UK - British defence firm BAE Systems' pension scheme deficit is creating "negative sentiment" among investors, lowering the target price for stock in the firm, banking analysts say.
The scheme's £4.3bn ($6.9bn) deficit is having a drag effect on the corporation's balance sheet, making it look less competitive next to its rivals, according to Royal Bank of Scotland analysts.
RBS has reduced its target price from 425p to 350p to factor in the deficit in light of the £17.6bn scheme's impact on the firm's valuation.
In a research note, RBS analyst Sandy Morris said: "More recently, pension liabilities have weighed upon sentiment, in our view. All in all, these factors have generally made it very difficult to argue that, say, BAE is 10% cheap relative to its peers.
"We have chosen to focus on the definition of enterprise value (EV) that includes pension liabilities as we believe the topic of pension deficits currently has a significant bearing upon sentiment toward those companies that do have such deficits. In the medium term, and assuming a more positive backdrop for global equity markets, that negative sentiment should diminish, in our view."

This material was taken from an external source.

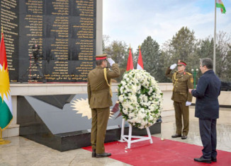 مەسرور بارزانی قەفتەكا گولان ل سەر مۆنۆمێنتا شەهیدێن ئێكێ شوباتێ دانا

BAE is set to make a contribution of £160m to its pension scheme on the back of a £500m share buyback in July, but the pension funding deficit on BAE's main scheme and its 200 Plan is still likely to be about £3bn, according half year results for 2011, up from a £2bn estimate made in 2007/08.
However, BAE Systems noted in its 2010 annual report a 0.5% change in net discount rates used to value liabilities would increase or decrease the deficit by £1.7bn.
In August, fears over BT's pension scheme deficit sent investors scurrying away from the stock.